ACT was scrapped by Gordon Brown, effective from 6 April 1999.[1] The scrapping of the relief was estimated to increase tax take by £3 billion per year. However, in recent years, the scrapping of the ACT relief scheme has been dubbed a "pension stealth tax", which, according to the Institute of Actuaries, has reduced the current value of pension funds by at least £100 billion. The change was dubbed "the great pensions swindle" by Frank Field in The Times, describing how "When Labour gained power in 1997, Britain’s occupational pensions were the envy of the world. We had more capital invested to pay tomorrow’s pensions than almost the whole of the European Union combined."[2]
As of 2007, final salary pension schemes, which were once common in British companies, are very unusual, and Britain lags behind Europe in pension provision.
While the precise cause of the pensions shortfall has been variously blamed on poor gilt yield, on Thatcher-era taxes on pension fund surpluses, on the stock market crash of 2001, the ending of the advance corporation tax scheme, and in particular the relief available, is seen as a major blot on Gordon Brown's record.
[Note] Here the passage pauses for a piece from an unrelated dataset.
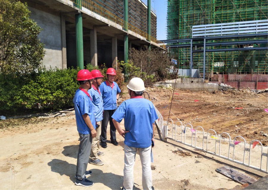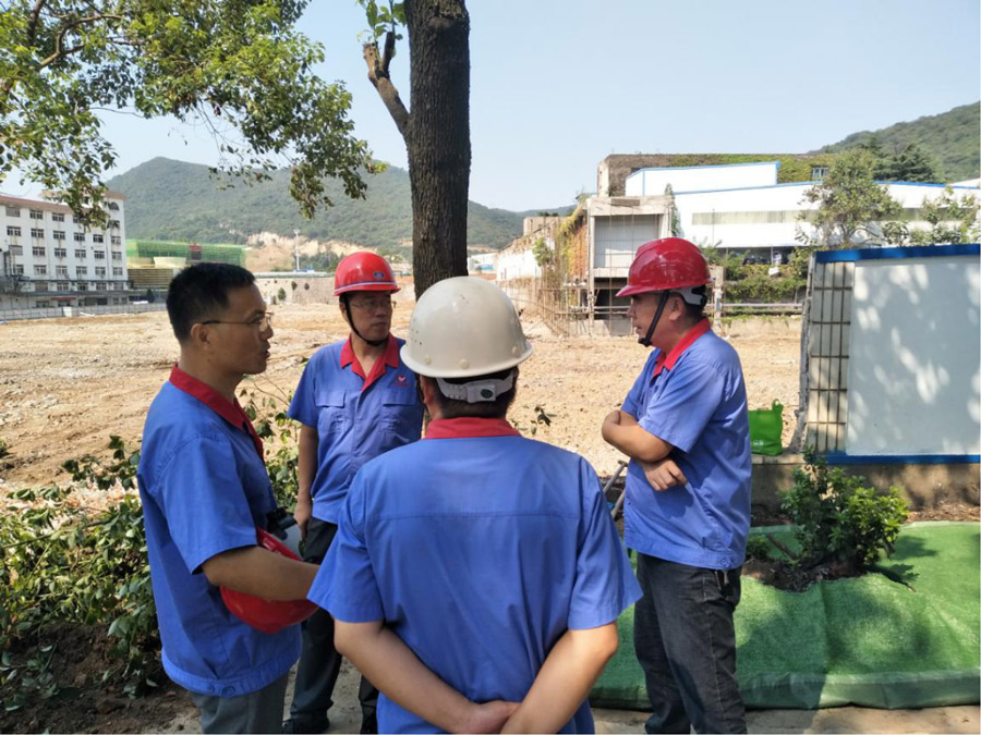 高申保在PVB樹脂項(xiàng)目施工現(xiàn)場檢查罐區(qū)施工情況,聽取項(xiàng)目負(fù)責(zé)人胡安寧匯報(bào)項(xiàng)目推進(jìn)情況及存在的困難,與相關(guān)負(fù)責(zé)人商討解決辦法。
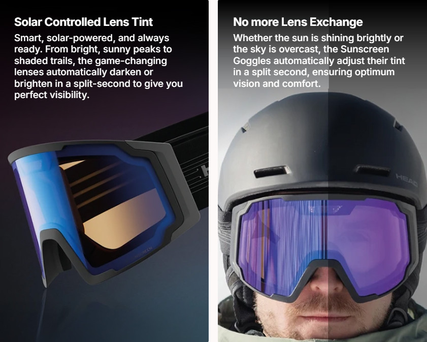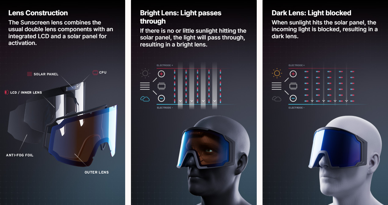 The Sunscreen LCD self-tinting technology adjusts the lens tint according to ambient light in a fraction of a second. This system is entirely powered by solar energy captured directly on the goggles, ensuring autonomy and consistent performance without an external power source.

The Times uncovered documents under the Freedom of Information Act in April 2007 that showed the chancellor had been advised that pension funds would suffer a £67 billion loss of the actuarial value of their assets, and that the measure would severely damage Britain's pensions, with the only bright spot that the £60 billion surplus that pension funds had in 1997, might protect them from the damage caused by the measure.[3]